Sponsored by AppSignal
Would you like to see your link here? Contact us
Notesclub

Modeling XOR with a neural network

notebooks/basics/xor.livemd

Modeling XOR with a neural network

Mix.install([
  {:axon, "~> 0.3.0"},
  {:nx, "~> 0.4.0", override: true},
  {:exla, "~> 0.4.0"},
  {:kino_vega_lite, "~> 0.1.6"}
])

Nx.Defn.default_options(compiler: EXLA)

alias VegaLite, as: Vl

Introduction

In this notebook we try to create a model and learn it the logical XOR.

Even though XOR seems like a trivial operation, it cannot be modeled using a single dense layer (single-layer perceptron).
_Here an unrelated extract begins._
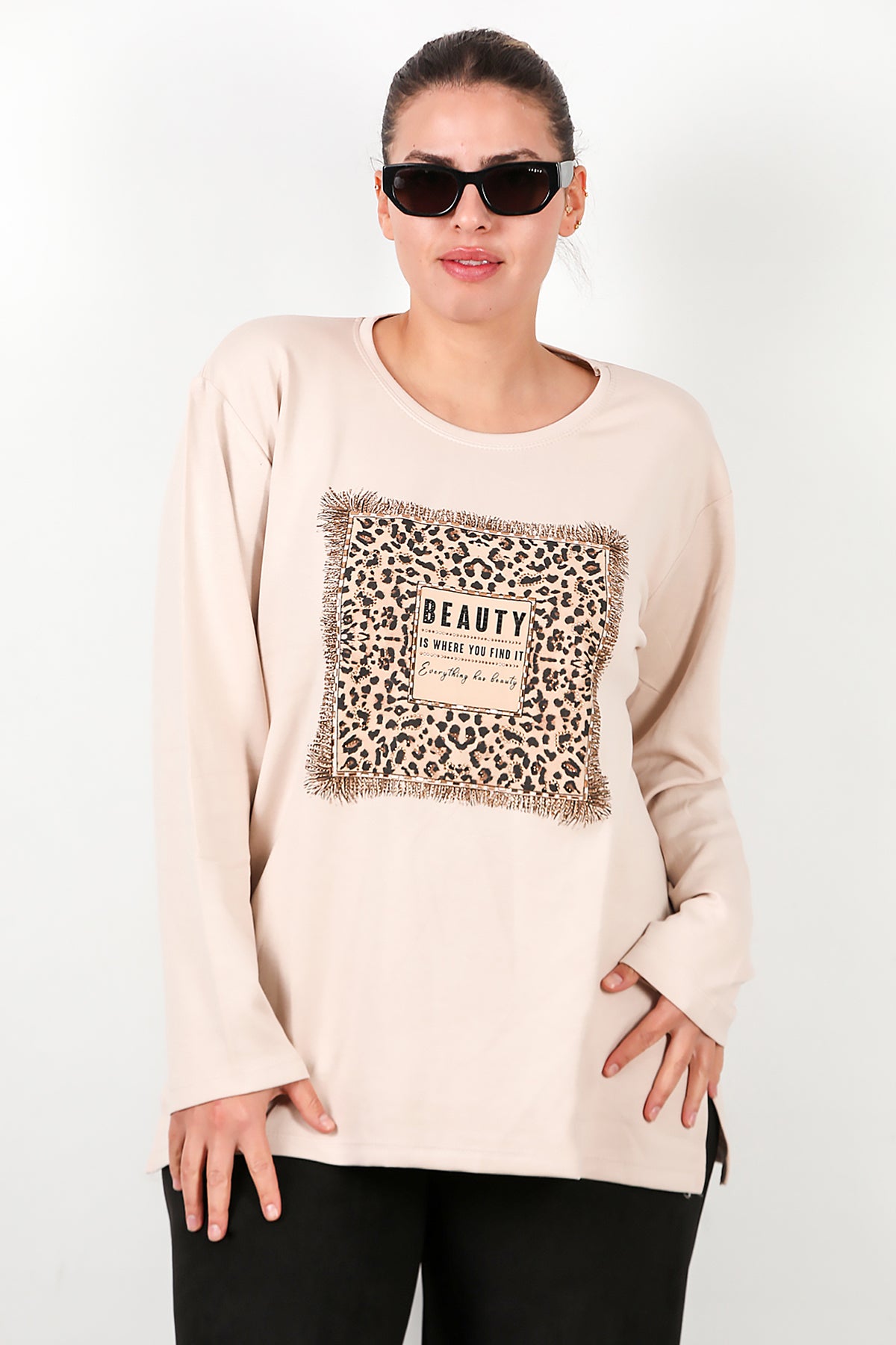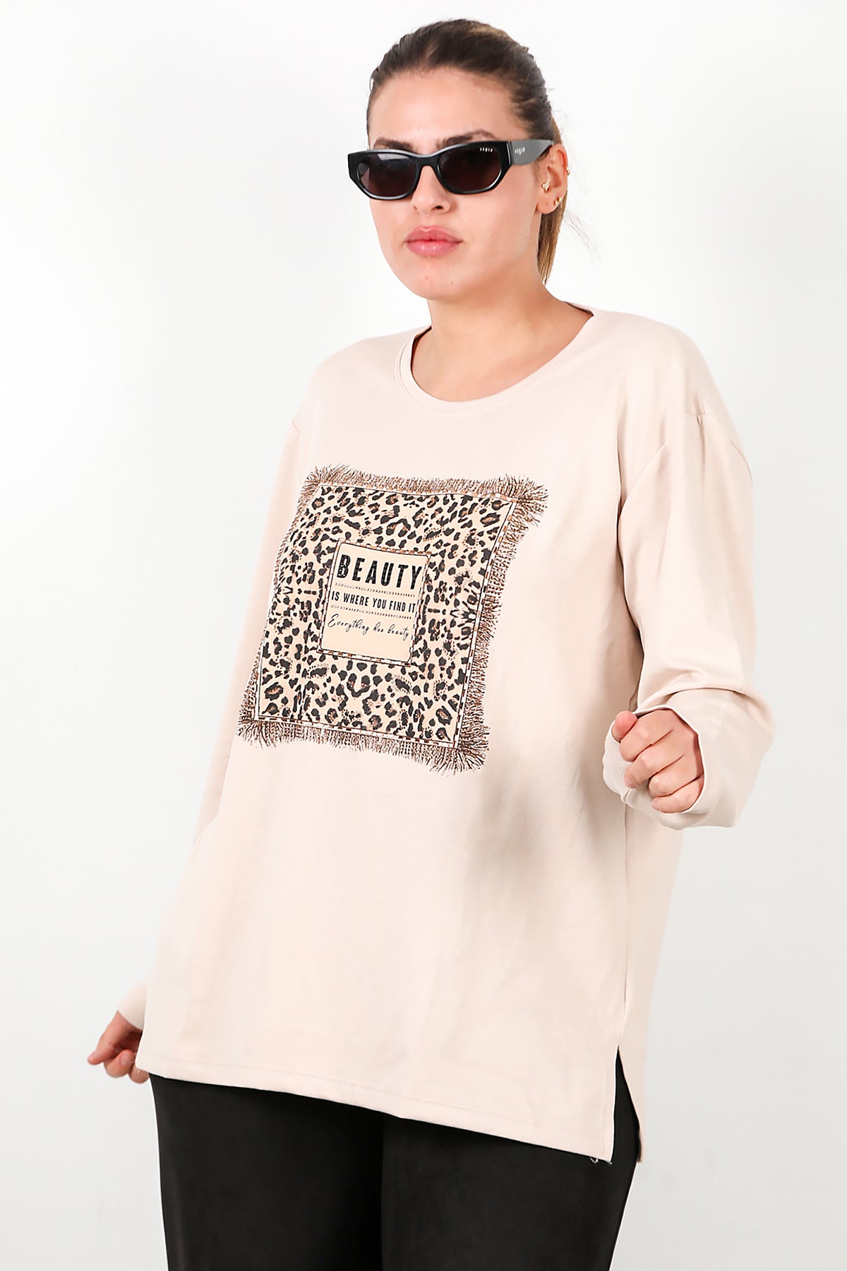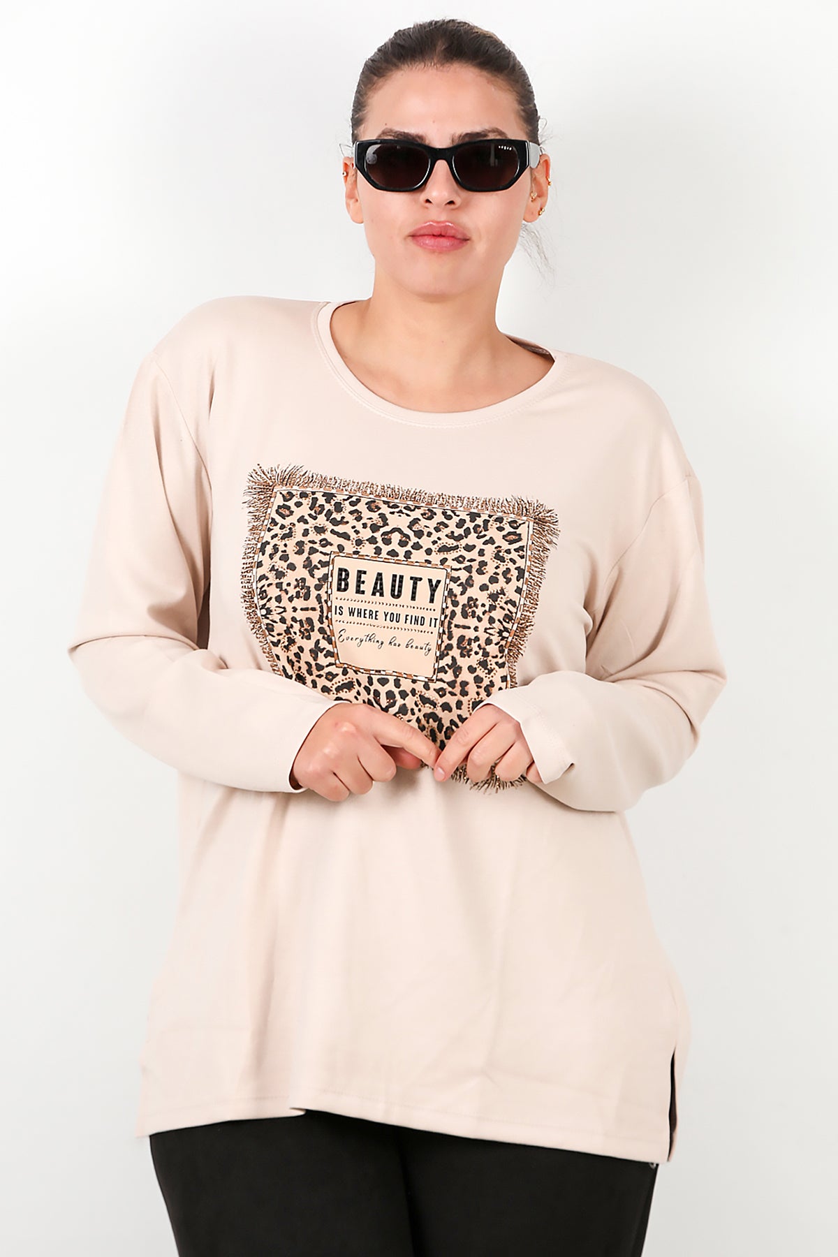 Büyük Beden Leopar Taş İşlemeli Bluz Taş

The underlying reason is that the classes in XOR are not linearly separable. We cannot draw a straight line to separate the points $(0,0)$, $(1,1)$ from the points $(0,1)$, $(1,0)$. To model this properly, we need to turn to deep learning methods. Deep learning is capable of learning non-linear relationships like XOR.

The model

Let’s start with the model. We need two inputs, since XOR has two operands. We then concatenate them into a single input vector with Axon.concatenate/3. Then we have one hidden layer and one output layer, both of them dense.

Note: the model is a sequential neural network. In Axon, we can conveniently create such a model by using the pipe operator (|>) to add layers one by one.
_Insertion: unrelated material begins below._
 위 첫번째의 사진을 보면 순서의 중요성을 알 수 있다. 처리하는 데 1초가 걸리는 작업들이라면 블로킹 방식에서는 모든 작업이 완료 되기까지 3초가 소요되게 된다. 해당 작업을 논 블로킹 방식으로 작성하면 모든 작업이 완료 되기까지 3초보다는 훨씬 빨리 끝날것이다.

x1_input = Axon.input("x1", shape: {nil, 1})
x2_input = Axon.input("x2", shape: {nil, 1})

model =
  x1_input
  |> Axon.concatenate(x2_input)
  |> Axon.dense(8, activation: :tanh)
  |> Axon.dense(1, activation: :sigmoid)

Training data

The next step is to prepare training data. Since we are modeling a well-defined operation, we can just generate random operands and compute the expected XOR result for them.
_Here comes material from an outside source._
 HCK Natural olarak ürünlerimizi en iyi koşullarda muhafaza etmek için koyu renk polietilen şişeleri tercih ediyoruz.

The training works with batches of examples, so we repeatedly generate a whole batch of inputs and the expected result.

batch_size = 32

data =
  Stream.repeatedly(fn ->
    x1 = Nx.random_uniform({batch_size, 1}, 0, 2)
    x2 = Nx.random_uniform({batch_size, 1}, 0, 2)
    y = Nx.logical_xor(x1, x2)

    {%{"x1" => x1, "x2" => x2}, y}
  end)

Here’s how a sample batch looks:

Enum.at(data, 0)

Training

It’s time to train our model. In this case we use binary cross entropy for the loss and stochastic gradient descent as the optimizer. We use binary cross entropy because we can consider the task of computing XOR the same as a binary classification problem. We want our output to have a binary label 0 or 1, and binary cross entropy is typically used in these cases. Having defined our training loop, we run it with Axon.Loop.run/4.

epochs = 10

params =
  model
  |> Axon.Loop.trainer(:binary_cross_entropy, :sgd)
  |> Axon.Loop.run(data, %{}, epochs: epochs, iterations: 1000)

Trying the model

Finally, we can test our model on sample data.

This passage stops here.